In the first half of the 20th century the square, as with much of Islington and its population, became impoverished. The New River Company undertook many flat-conversions, starting in 1935–1936. In the 1970s, the estate was acquired by Islington Council as part of a conservation area, and a systematic conversion and rehabilitation programme was carried out in the late 1970s and into the early 1980s, with some houses converted laterally into self-contained flats. Unfortunately, during the building process many pretty features of the house were lost, such as fanlights and Gothick cupboards. Following Right to Buy legislation some homes were sold, and a few divided houses have been taken back into single or double occupation.

Claremont Mews was demolished to become a close, on land taken from gardens, and has been redeveloped as a green circus or garden square with 48 purpose-built flats.

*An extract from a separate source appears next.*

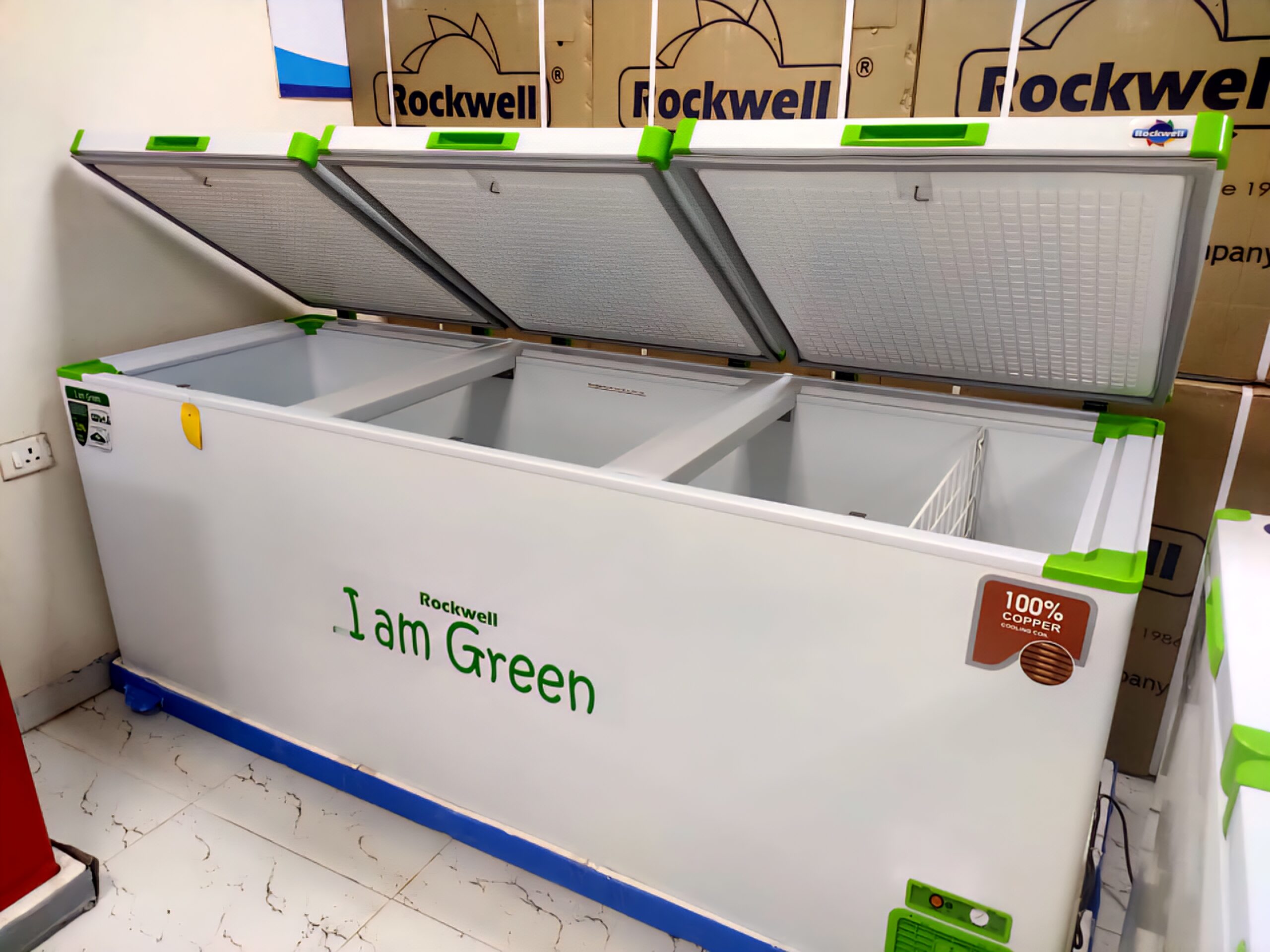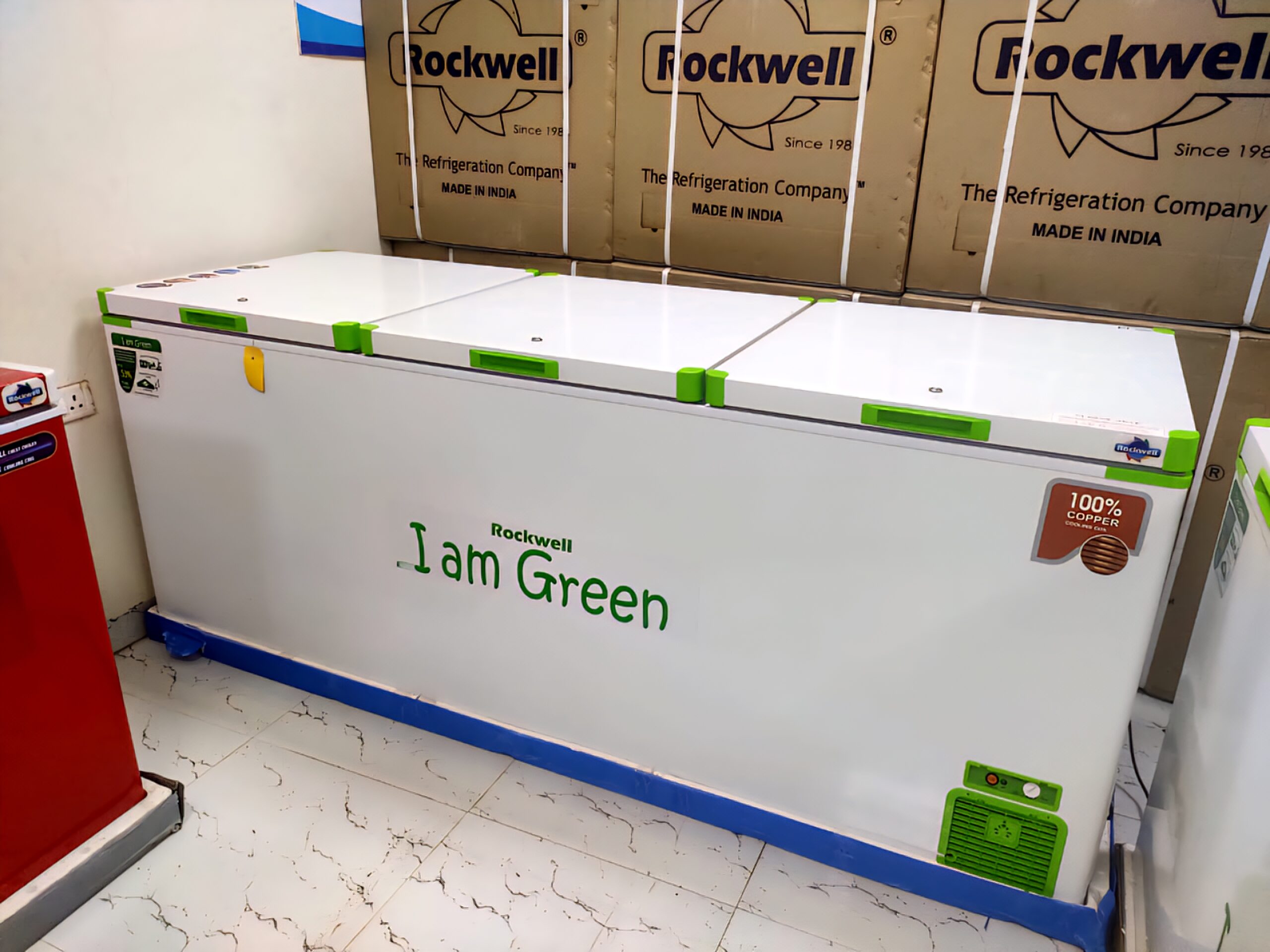 Rockwell GREEN FREEZERS are one of the most advanced refrigeration solutions in India built to perform even in extreme conditions. With superior 90 MM INSULATION they maintain cooling inspite of long power outage. They help your business flourish by consuming upto 53% less power than regular freezers and offer peace of mind with 10 years warranty (body) since the inner coil designing is done using corrosion resistant 100% copper.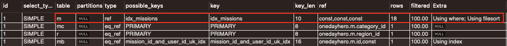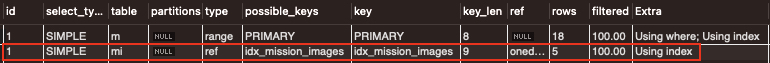테이블 mi의 key 컬럼을 통해 옵티마이저가 제대로 idx_mission_images를 사용하고 있음을 알 수 있다.

The reservoir fell into disuse in the 1990s, but was brought back into service in 2003 to provide a header tank or balancing reservoir for the Thames Water Ring Main, filling at night and emptying during the day. Thames Water has exclusive access and takes charge of repairs, cutting and planting, assisted by volunteer projects and residents' information. The semi-improved grassland on the top and sides of the reservoir supports a wide diversity of wild flowers and is a preserved habitat.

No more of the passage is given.